WORK TO BE COMPLETED:
Return the data exactly, without pictures.

SUPPLIED INFORMATION:
^^^^

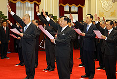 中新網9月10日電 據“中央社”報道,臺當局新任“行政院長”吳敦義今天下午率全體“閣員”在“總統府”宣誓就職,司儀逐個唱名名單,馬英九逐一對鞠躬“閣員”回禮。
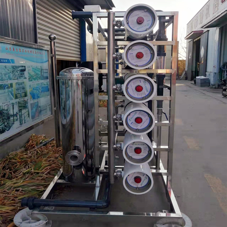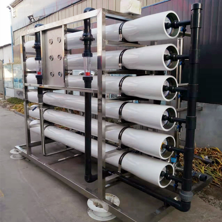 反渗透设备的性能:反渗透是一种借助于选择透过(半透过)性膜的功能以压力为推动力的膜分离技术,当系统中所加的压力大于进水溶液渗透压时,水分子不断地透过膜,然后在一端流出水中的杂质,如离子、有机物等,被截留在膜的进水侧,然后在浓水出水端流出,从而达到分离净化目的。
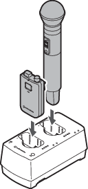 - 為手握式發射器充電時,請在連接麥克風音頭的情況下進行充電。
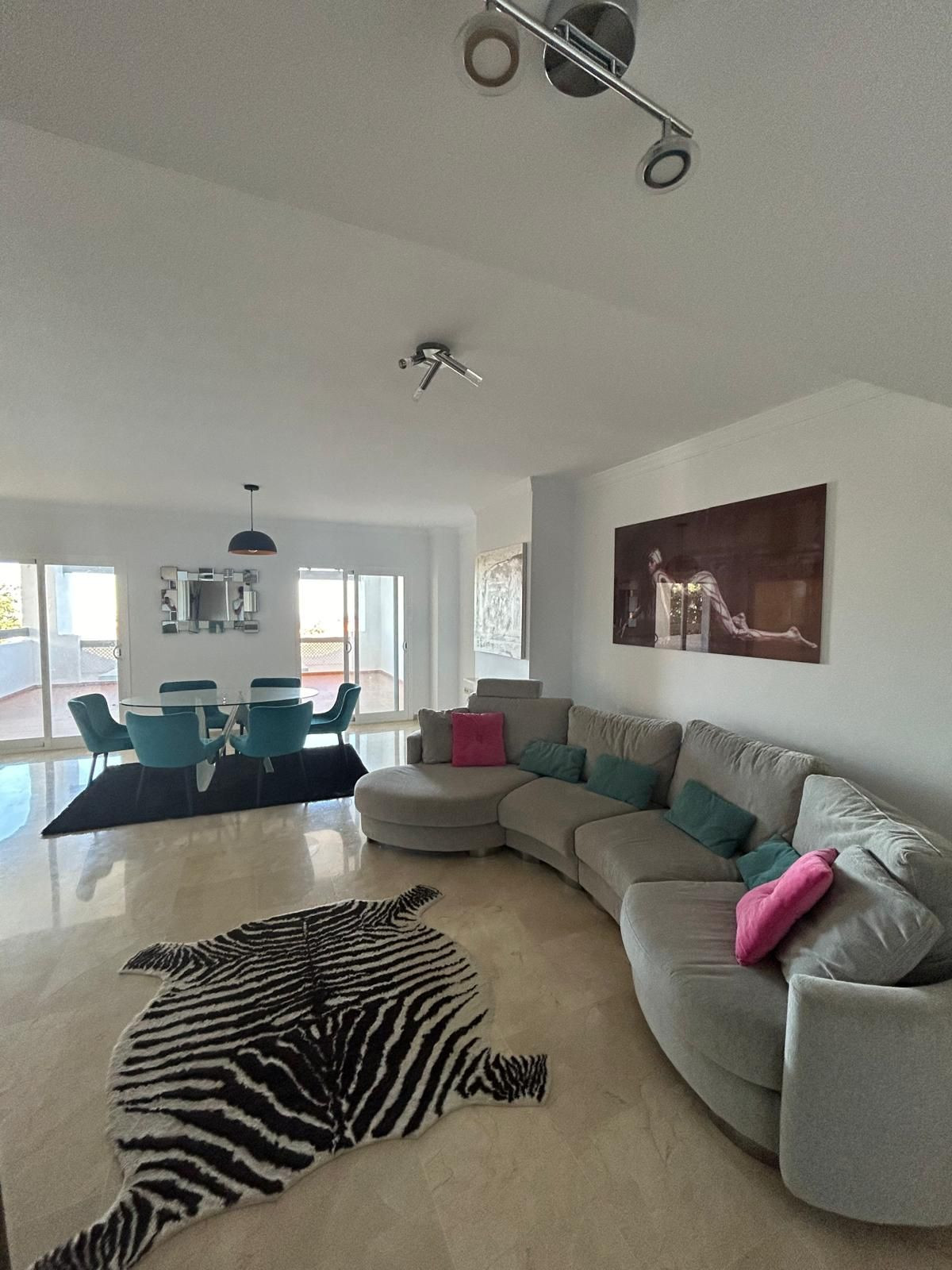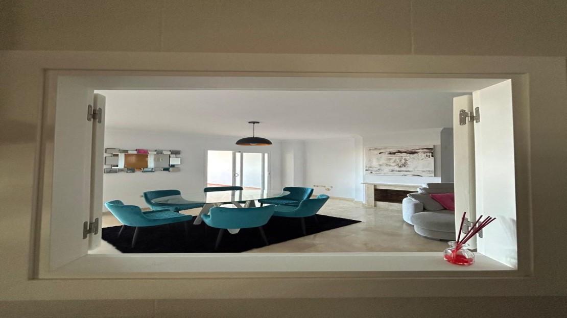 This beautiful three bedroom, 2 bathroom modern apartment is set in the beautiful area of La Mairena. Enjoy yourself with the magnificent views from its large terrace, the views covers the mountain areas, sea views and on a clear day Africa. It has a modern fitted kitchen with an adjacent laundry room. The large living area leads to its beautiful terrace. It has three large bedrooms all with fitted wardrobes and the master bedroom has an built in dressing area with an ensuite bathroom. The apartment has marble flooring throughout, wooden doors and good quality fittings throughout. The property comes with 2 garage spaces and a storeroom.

^^^^

ANSWER BELOW:
 中新網9月10日電 據“中央社”報道,臺當局新任“行政院長”吳敦義今天下午率全體“閣員”在“總統府”宣誓就職,司儀逐個唱名名單,馬英九逐一對鞠躬“閣員”回禮。
 反渗透设备的性能:反渗透是一种借助于选择透过(半透过)性膜的功能以压力为推动力的膜分离技术,当系统中所加的压力大于进水溶液渗透压时,水分子不断地透过膜,然后在一端流出水中的杂质,如离子、有机物等,被截留在膜的进水侧,然后在浓水出水端流出,从而达到分离净化目的。
 - 為手握式發射器充電時,請在連接麥克風音頭的情況下進行充電。
 This beautiful three bedroom, 2 bathroom modern apartment is set in the beautiful area of La Mairena. Enjoy yourself with the magnificent views from its large terrace, the views covers the mountain areas, sea views and on a clear day Africa. It has a modern fitted kitchen with an adjacent laundry room. The large living area leads to its beautiful terrace. It has three large bedrooms all with fitted wardrobes and the master bedroom has an built in dressing area with an ensuite bathroom. The apartment has marble flooring throughout, wooden doors and good quality fittings throughout. The property comes with 2 garage spaces and a storeroom.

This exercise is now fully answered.